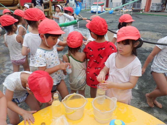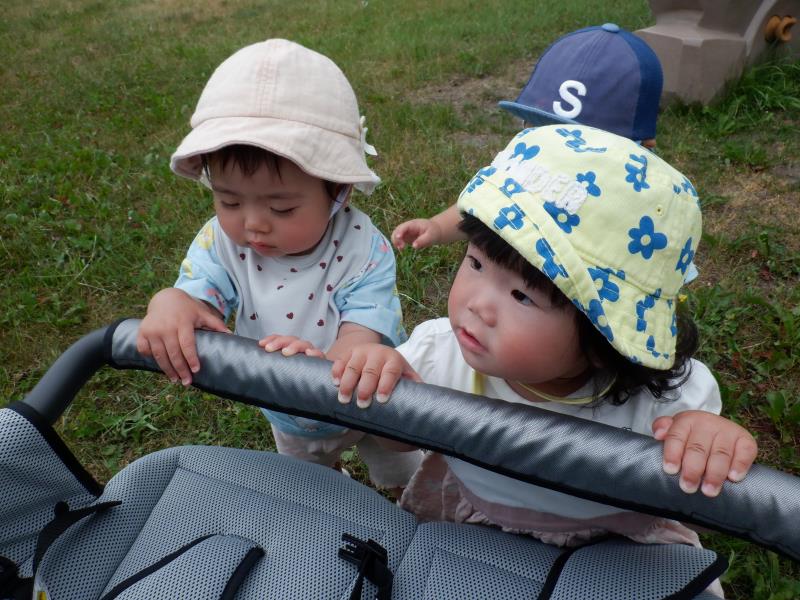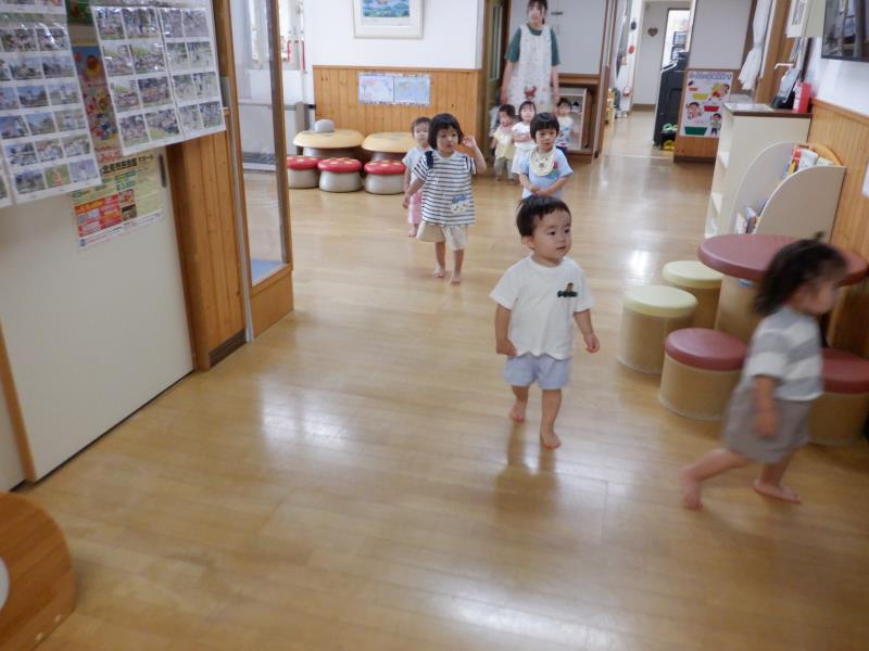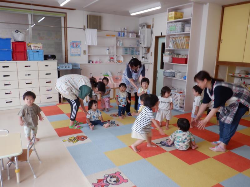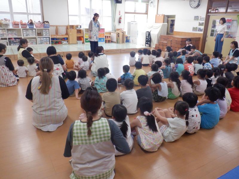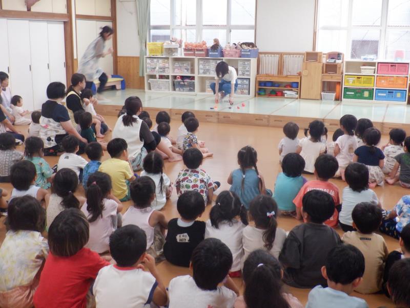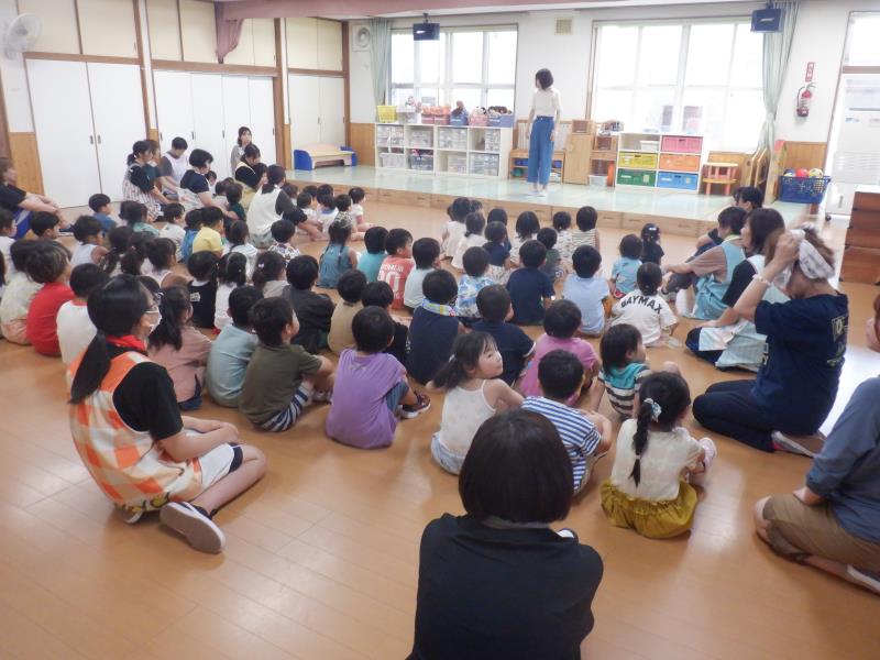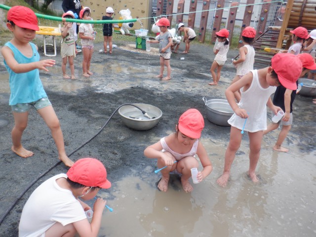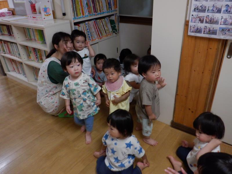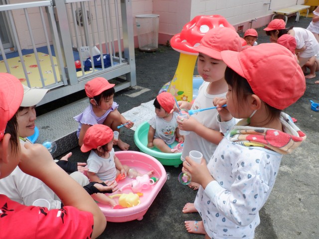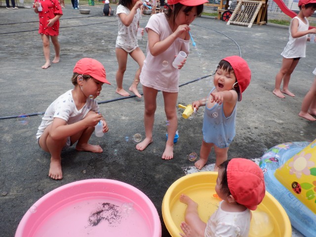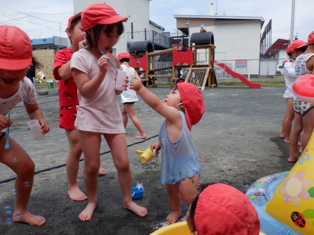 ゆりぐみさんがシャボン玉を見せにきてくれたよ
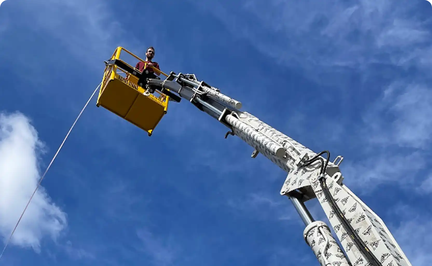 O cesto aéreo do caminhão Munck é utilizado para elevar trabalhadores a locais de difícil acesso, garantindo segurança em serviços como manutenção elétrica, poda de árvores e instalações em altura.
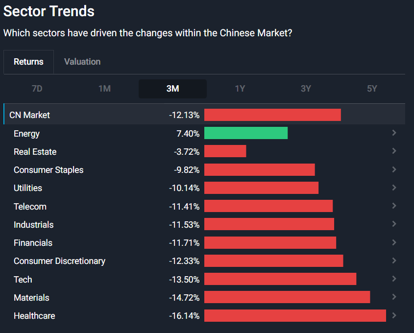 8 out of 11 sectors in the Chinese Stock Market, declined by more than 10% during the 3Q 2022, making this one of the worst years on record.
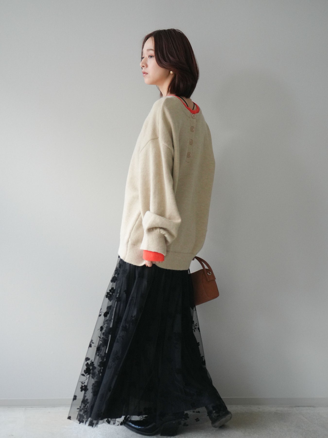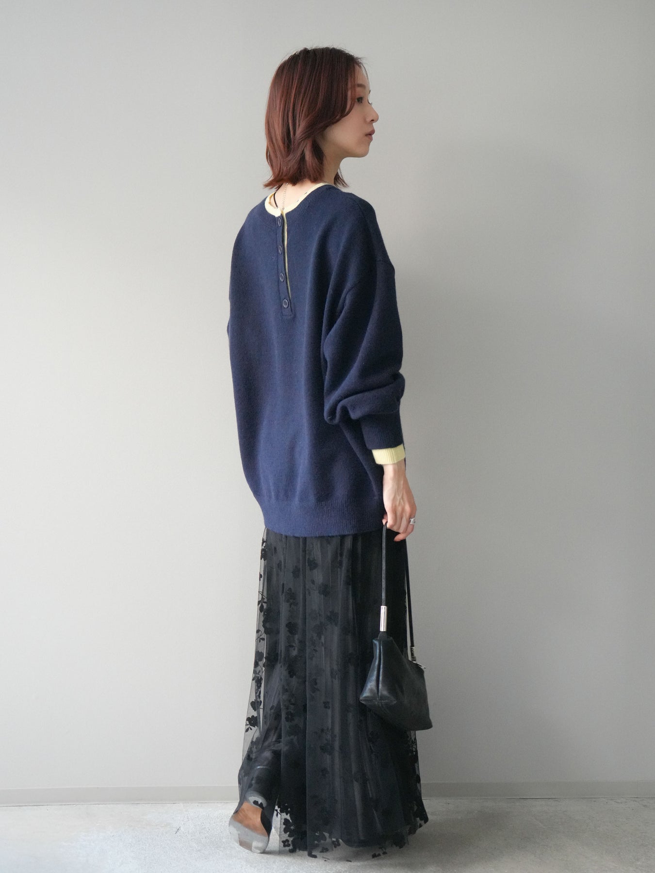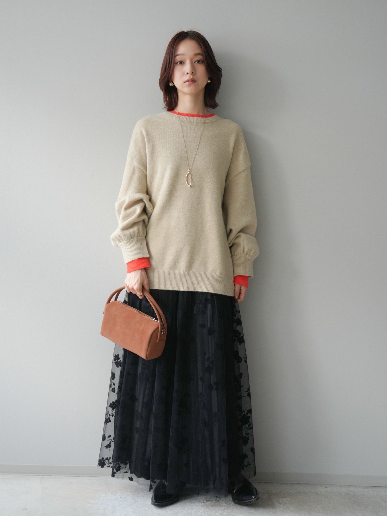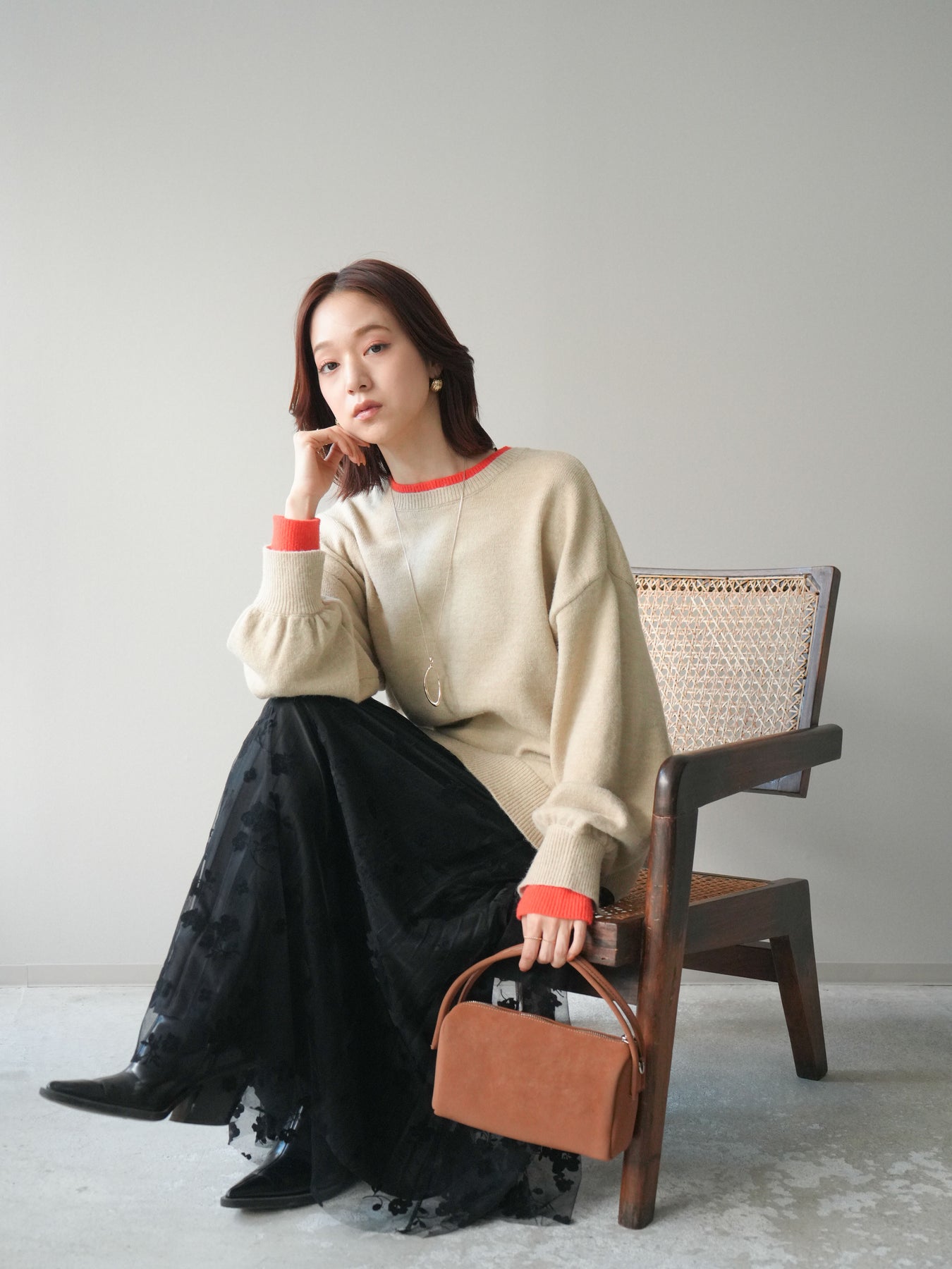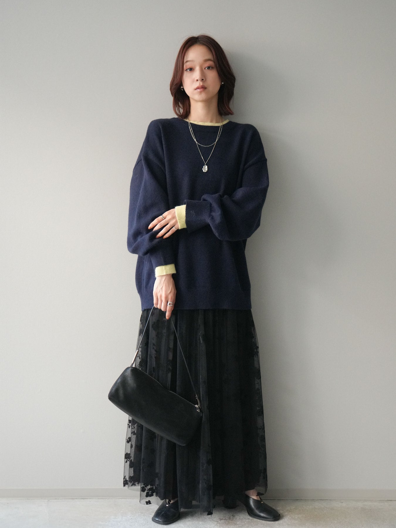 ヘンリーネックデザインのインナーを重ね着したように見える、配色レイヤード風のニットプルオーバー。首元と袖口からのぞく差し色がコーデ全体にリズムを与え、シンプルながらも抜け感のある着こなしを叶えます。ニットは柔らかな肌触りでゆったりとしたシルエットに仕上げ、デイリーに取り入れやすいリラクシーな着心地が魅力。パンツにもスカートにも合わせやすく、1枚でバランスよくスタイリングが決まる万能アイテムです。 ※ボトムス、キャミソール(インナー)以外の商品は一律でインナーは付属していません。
+ + + +
A faithful copy is needed of the lines from the one containing "O cesto aéreo" through the last line of the data above, with pictures left out.

 O cesto aéreo do caminhão Munck é utilizado para elevar trabalhadores a locais de difícil acesso, garantindo segurança em serviços como manutenção elétrica, poda de árvores e instalações em altura.
 8 out of 11 sectors in the Chinese Stock Market, declined by more than 10% during the 3Q 2022, making this one of the worst years on record.
 ヘンリーネックデザインのインナーを重ね着したように見える、配色レイヤード風のニットプルオーバー。首元と袖口からのぞく差し色がコーデ全体にリズムを与え、シンプルながらも抜け感のある着こなしを叶えます。ニットは柔らかな肌触りでゆったりとしたシルエットに仕上げ、デイリーに取り入れやすいリラクシーな着心地が魅力。パンツにもスカートにも合わせやすく、1枚でバランスよくスタイリングが決まる万能アイテムです。 ※ボトムス、キャミソール(インナー)以外の商品は一律でインナーは付属していません。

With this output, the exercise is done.